A victory by power broker Ichiro Ozawa in the leadership race for Japan's ruling party next week raises the risk that the central bank's next policy move will be to buy more government bonds -- something it has long resisted.
The central bank has argued that increasing its bond buying -- currently capped at 21.6 trillion yen ($257.6 billion) a year -- would damage its credibility by giving financial markets the impression it will print money at the government's behest.
But the BOJ may not have much choice if political pressure for more action to boost the economy escalates. Indeed, some central bankers acknowledge the next policy move could be to boost bond purchases to fund Ozawa's spending plans.
"Ozawa wants to boost spending but won't find much money to fund it, so will certainly want the BOJ's help," said Takeshi Minami, chief economist at Norinchukin Research Institute.
"The BOJ already floods markets with more short-term cash than commercial banks need. The next step would be for it to boost long-term fund supply by buying more government bonds."
Prime Minister Naoto Kan has a slight edge over Ozawa ahead of next Tuesday's Democratic Party leadership vote, Japanese media say, but the outcome is too close to call.
The winner becomes prime minister by virtue of the party's majority in parliament's powerful lower house.
Ozawa has said he wants to carry out the ruling party's costly spending programs promised in last year's general election and that issuing more new bonds is one way to do it.
Expectations that Ozawa could be a less of a fiscal reformer than Kan has already led to a steepening of the bond yield curve on investor worries that Japan will see further increases in its public debt, which is already twice the size of its economy.
Tsutomu Okubo, a ruling party lawmaker who is helping formulate economic policy for Ozawa, told Reuters on Friday the BOJ should expand its outright government bond buying to help beat deflation.
BOLDER ACTION REQUIRED
The BOJ has been under government pressure since late last year to loosen its already ultra-loose monetary policy -- the policy rate is just 0.1 percent -- as the economy stumbled out of the global downturn.
The government has argued that its debt load leaves it with little room to boost the economy.
Weak domestic demand is keeping the economy in deflation and policymakers are increasingly concerned that demand for Japan's exports could be crimped by a rise in the yen to 15-year highs.
The BOJ is expected to ease policy next month while predicting a delay in Japan's exit from deflation.
"Ozawa seems to be clear on what he wants and could focus on achieving his goals than respecting the BOJ's independence," said Jun Fukashiro, chief fund manager at Toyota Asset Management's investment management department.
"The BOJ may ease if continued yen rises pose serious harm to the economy.

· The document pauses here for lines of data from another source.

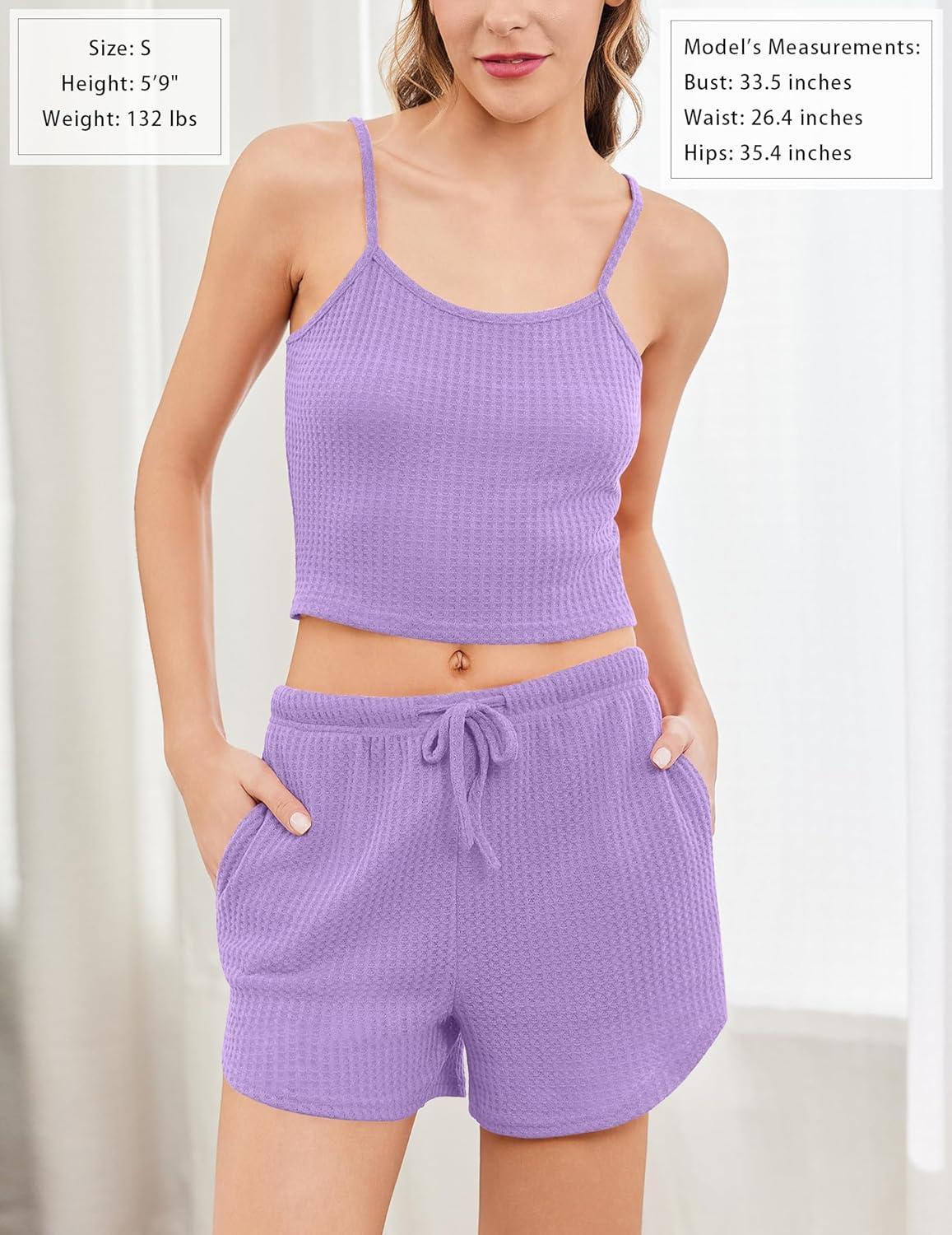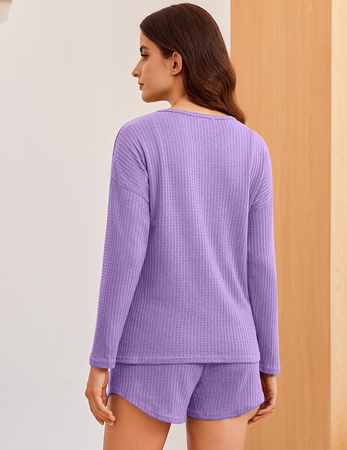 Be the first to review “Ekouaer Womens Waffle Knit Pajama Sets 3 Piece Long Sleeve and Cami Top with Shorts Outfits Lounge Set(Light Purple)”
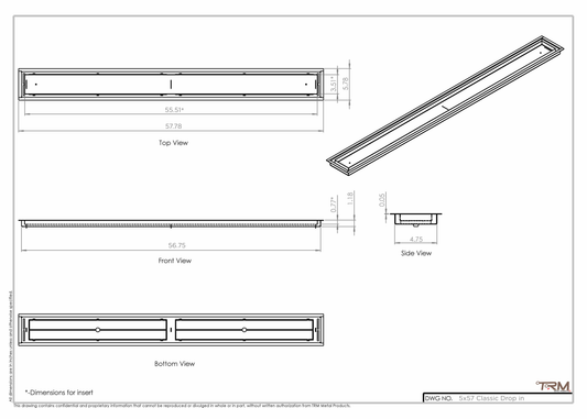 5x57 Classic Drop-in Air Vent, Flush Floor-Matching, All Metal, Floor Vent Cover (57x5)
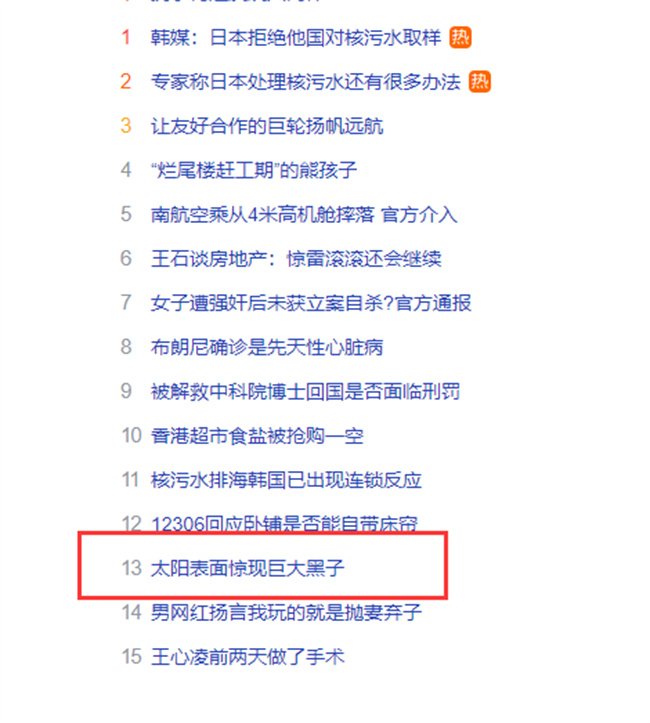 △“巨大黑子”登上热搜
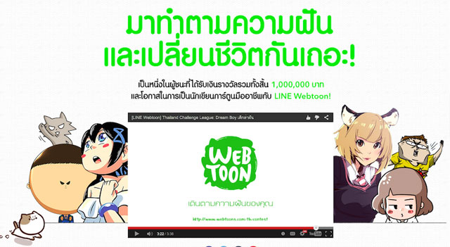 http://www.webtoons.com/th/contest ออฟฟิเชียลแอคเคาท์ LINE Webtoon TH และเฟซบุ๊คแฟนเพจ
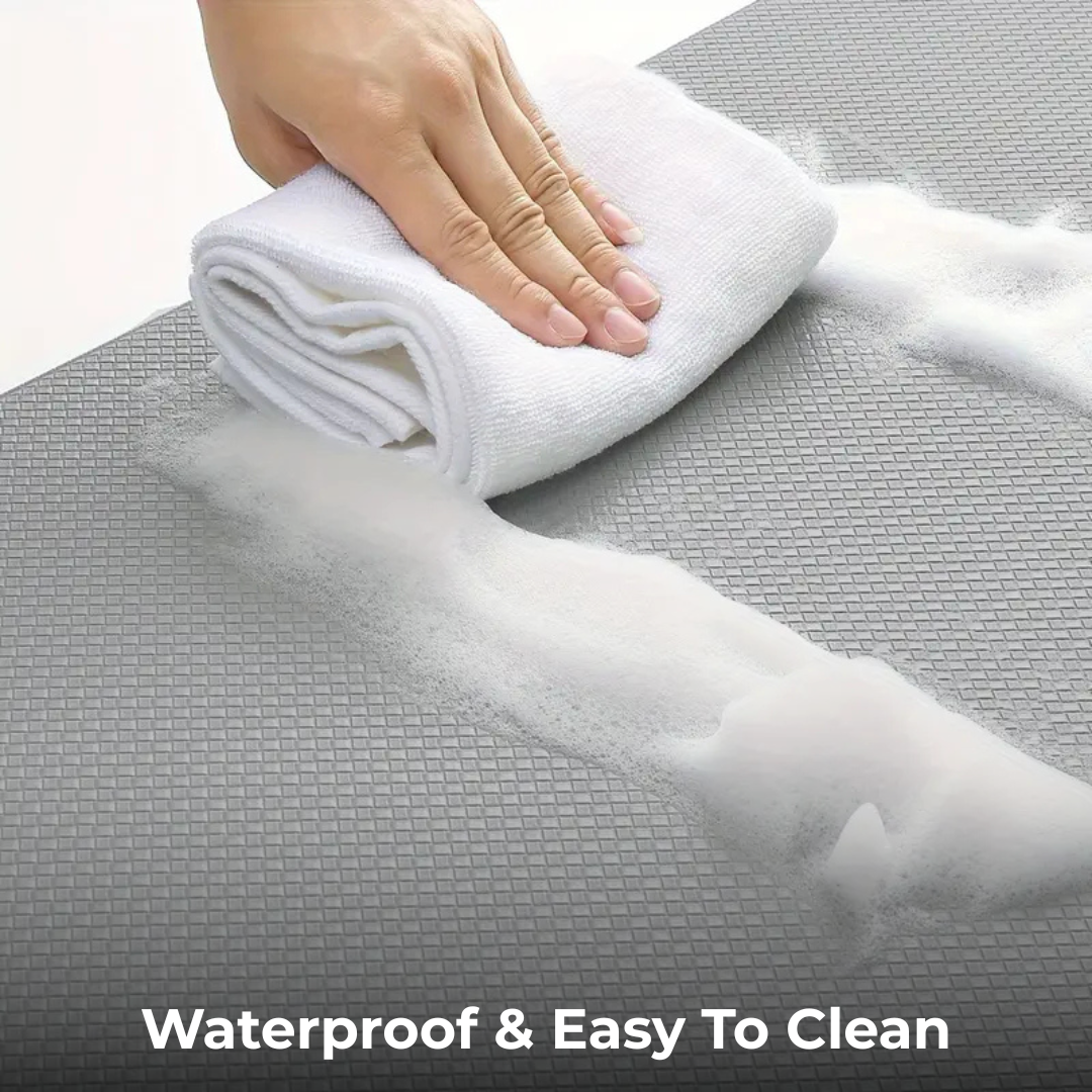 Our Kitchen Mat has a waterproof and oil-proof surface that stops spills from seeping through, protecting your floors from stains, grease, and moisture damage. It’s perfect for busy households - just wipe it clean and you're done.
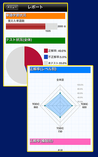 ・単語レベル及び単語種類別での正解率もチャートで表示され、学習効果を多方面でわかるようなっています。
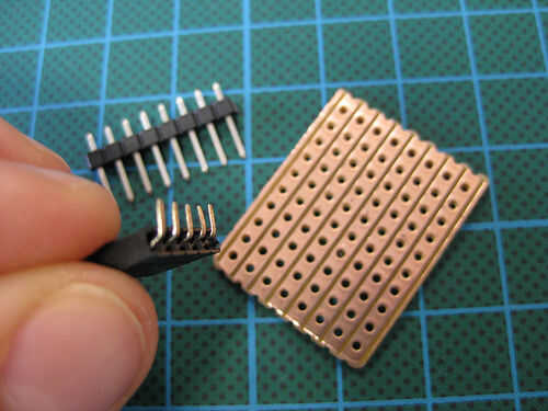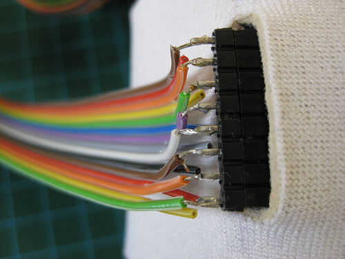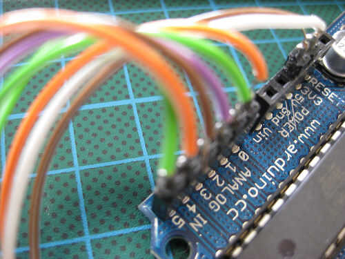Soldar el cable de cinta en una fila de encabezados masculinos 8. Este se enchufa en la pulsera. En el otro extremo, asegúrese de separar los cables VCC y GND y soldar estos dos encabezados hombre conectado. Estos se conectarán a los 5V y el GND de Arduino. El resto de los cables a una fila de seis cabeceras masculinas de la soldadura. Estos se pone en las entradas analógicas o digitales, dependiendo de su código. Decidí enchúfelos en mis entradas analógicas porque ya tenía el código de lectura funcionando en mi tablero. Pero no tarda más de 5 minutos para cambiar a digital.
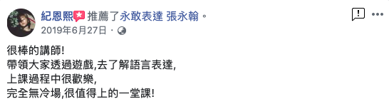 ◎ 更多資訊,請洽 永敢表達FB粉絲頁
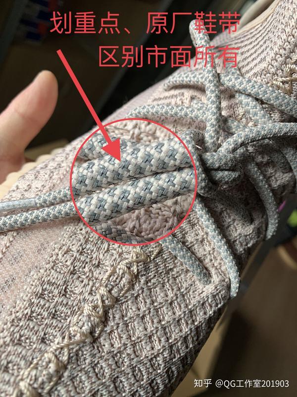 鞋带是鉴定350品质的重要环节。如图,350的鞋带,针织密度。一目了然,区分市面的垃圾版本!
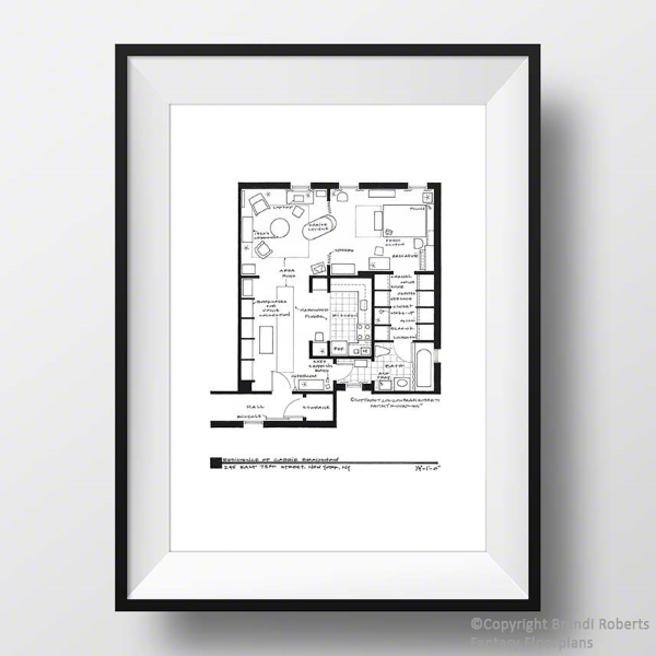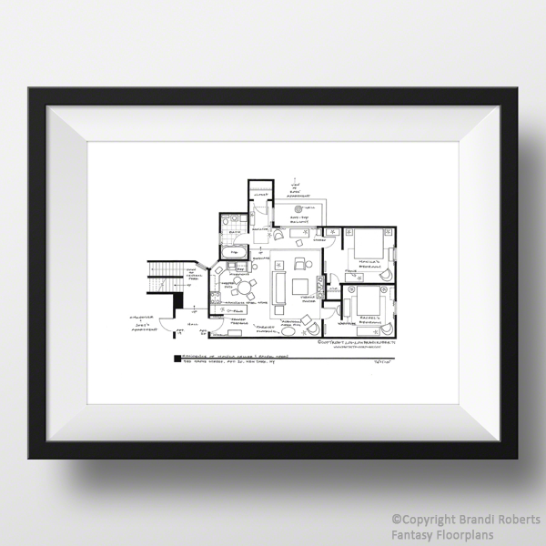 A few of the details I've noted for The Simpsons include: a plastic plant and a hook rug that was made by Marge, corn cob curtains, lead paint on the walls, Homer’s Duff beer in the fridge, a Gymboree and a tree-house. This print is reproduced from my original and expertly hand-drafted drawing. Printed on acid-free, matte paper. Each print is packaged with a custom size, acid-free backing board in a cello sleeve and labeled with a decorative sticker indicating the size. Frame not included.

A possibility would be to expand its balance sheet such as by increasing its government bond purchases."
Three policy moves since December, centered on a cheap bank loans program, have had little impact on the economy. In fact, the economic recovery is seen slowing later this year.
So there is a growing sense in the BOJ that the central bank needs to take bolder action to send a clear message to financial markets that it is determined to boost the economy.
Governor Masaaki Shirakawa prefers buying time with small incremental steps rather than taking more aggressive action, such as increasing government bond purchases.
The BOJ tripled its buying of government debt when it adopted quantitative easing from 2001 to 2006, as part of measures to meet a liquidity target it had set to lift the economy.
Shirakawa, who at the time was a senior BOJ official, is wary of repeating the policy because he argues the move did little to boost the economy and beat deflation.
But he may be persuaded that bond buying is the best option.
Bond yields are low for now but Ozawa's preference for spending could push them higher, putting further pressure on the fragile recovery, analysts say.
That may persuade Shirakawa that bond buying is easier to swallow than a return to zero rates, which would take away any incentive for banks to trade with each other, effectively destroying the money market.
"As the governor has said, the BOJ is considering various options," a source familiar with the bank's thinking said, adding that a moderate increase in bond buying was not ruled out.
"It's not an ideal option for the BOJ but it's possible, and would surely give markets a surprise," said another source. Both declined to be identified due to the sensitivity of the matter.
If history is anything to go by, the BOJ would increase its bond purchases by around 200 billion yen per month.
A bigger amount would mean the BOJ would have to review its self-imposed rule of capping government bond holdings to the amount of bank notes in circulation, something sources say it is not ready to do just yet.